I have an F4, an F5, a Weber Aspen (A with oval hole), and a 1925 Lyon & Healy. Obviously any of these would work - they are all mandolins -  but how do I get "that" sound? A National?

Hire Rich DelGrosso? :-)

(and of course listen practice listen practice....)

Thanks,

Jill
San Diego

----------

cayuga red

----------


## Eddie Sheehy

Jill, Rich used to play a Gibson A4.  He currently plays a National RM-1 and a Gibson H1 Mandola.  I think any of the Teens tubby Gibsons have a great Blues sound.

----------


## fatt-dad

I'd also suggest a paddlehead Gibson or National.

f-d

----------


## hank

It's been a while back but in an email Rich commented that my paddlehead A-4 was his favorite mandolin.  In some of his videos though he makes comments about how old and cantankerous the old tuners can be.  The National RM-1 mandolin and Takamine acoustic guitars seem to be the go to stage workhorses of a lot of pros.

----------


## hank

A once had someone comment that my 1913 A-4 sounded more banjo like than my 23 F-4. It's a strange way to describe the difference but after some thought, I think I understand where she was coming from.  Different strings can tweak the kind of sound you want as well.  I've tried EXP 75s, Sam Bush Monel and ghs LBS250s on my A-4 all very different but great in different ways.

----------


## liestman

I would go with a 1913 or 1914 Gibson A (Fiddlers Green in Austin, Texas has one of each) or a National RM1. Really different beasts but both types are really great for blues to my ear.

----------


## shiloh

Well, you all confirmed what I suspected. I had a fantastic sounding Gibson A paddle head years ago but I never got used to the "fat" feeling of the neck (the neck profile). Based on what I've read I bet the National feels a lot like the paddle head.
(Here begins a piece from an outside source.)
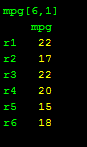 mkmat mpg //将mpg数据转换为一列矩阵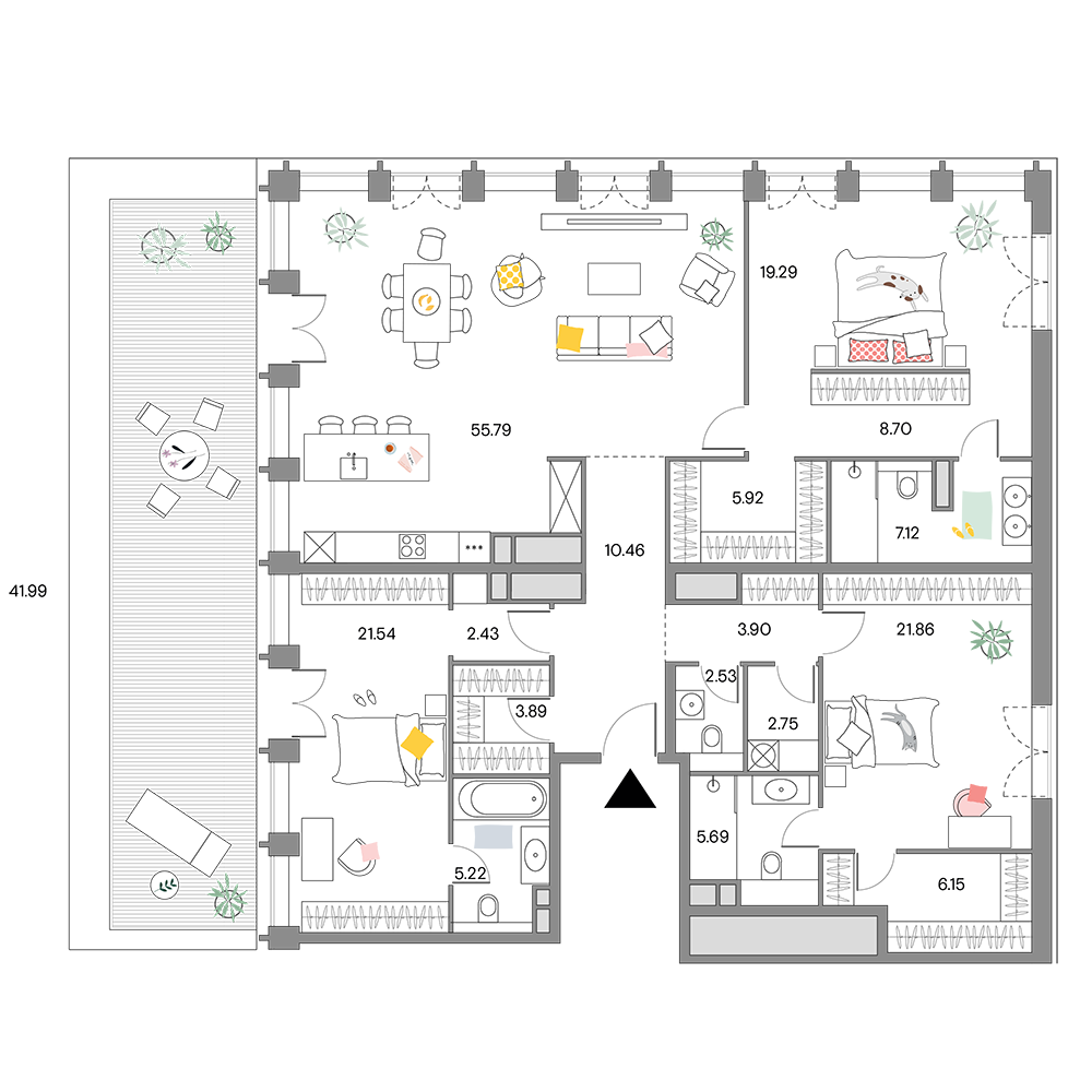 Пример планировки квартиры с 3-мя спальнями и террасой

Have any of you played a National?  (Eddie, I don't suppose you have one?) I was looking for a Gibson A snakehead just to get the thinner neck profile - still saving my pennies. If I delve into playing the blues more, would it be best to just wait until I find the right National?

Jill

----------


## liestman

I have a paddlehead and an RM1. The RM1 has a slightly wider neck (1 1/4" nut) that is thinner, with a C shaped profile. It is less beefy in feel for sure. If you get one, be sure someone sets it up properly, as they are sent from the factory with a super high action. The bridge will need to be lowered and it also helps to have a strip of hard leather glued to the bottom of the tailpiece, to provide some break angle over the bridge.

----------


## Londy

My Collings A MTO has a mean sound for blues.

----------

cayuga red

----------


## fatt-dad

truss rod snakehead Gibsons have thinner nuts. They do have a bit different sound though.  (I do know where there's a blacksnake mandolin for sale, sfi.)

f-d

----------


## hank

If the snakeheads sound similar to the F-4 of those years it's a more refined, balanced, less in your face kinda sound.  You can make any instrument sound blue but resonators and paddleheads are more commonly used.

----------


## Spruce

Jill, if you happen to be driving north, go check out the new Recording King resonator mando at Kirk Sand's shop in Laguna Beach--I think it's called the Guitar Shoppe?
I picked it up awhile back for a strum, and wound up playing it for a 1/2 hour...
Great sound and playability, and it would really compliment the other mandos in your quiver...
I think it had a 550 pricetag on it or so, so pretty reasonable too...
Luck!

----------

cayuga red

----------


## hank

I have/had similar feelings about the old Gibson neck size and fretboard string spacing.  I've brought this up in a couple other threads but I resolved most of the problem on mine by replacing the nut with one that string spacing was more modern F5 like.  Amazingly the extra width of the neck and board are not very noticeable visually or when playing.  I kept everything else stock so it still gets a little frisky in the upper positions but still much easier for me to play now.  I have the original nut stashed in the case in case the next caretaker prefers the original layout.  Mine is a Blackface collector original condition with a great finger rest and bridge setup so I didn't want to go all out with a modern bridge but a players version could be made even more playable.  This is just another option if you know where an old Gibson in rough shape needs a home. That Recording King Spruce recommended sounds worth a little road trip fun though.

----------


## k0k0peli

I almost feel inspired to buy another Rogue RM-100A for US$46 shipped and convert it to a bluesy resophonic axe. I gargled *how to build a resonator mandolin* and found some usable projects. Cut an 8-inch circle from the front (bye-bye, f-holes!) and insert a resonator. Strip the finish from the remaining body and stain it black. Yeah, Rogues can be good test-beds for franken-mando experiments.

----------


## Spruce

> I gargled...


I'm stealing that...    :Wink:

----------


## sgarrity

The cool thing about the blues is that the instrument really doesn't matter very much. That being said, I like my RM-1  :Mandosmiley:

----------


## ald

Funny some people complain about the old Gibson necks being too thick. That is one of the things I love about the instrument. Prior to my old Gibson I had a Japanese copy of the peardrop-style Gibson. The thin neck always felt uncomfortable to me and the sound was very thin. The old Gibson has a lovely neck and a fulsome sound. The action is really great as well. When I first had it, the instrument's playability was a bit difficult compared with the Japanese copy one but I had someone work very carefully on the nut, used lighter strings and now it plays like a a dream.

----------


## journeybear

I'm with the proponents of old Gibson A models. I would have chimed in earlier but it seemed plenty of others were already extolling their virtues. But there are a couple of things I wanted to add. 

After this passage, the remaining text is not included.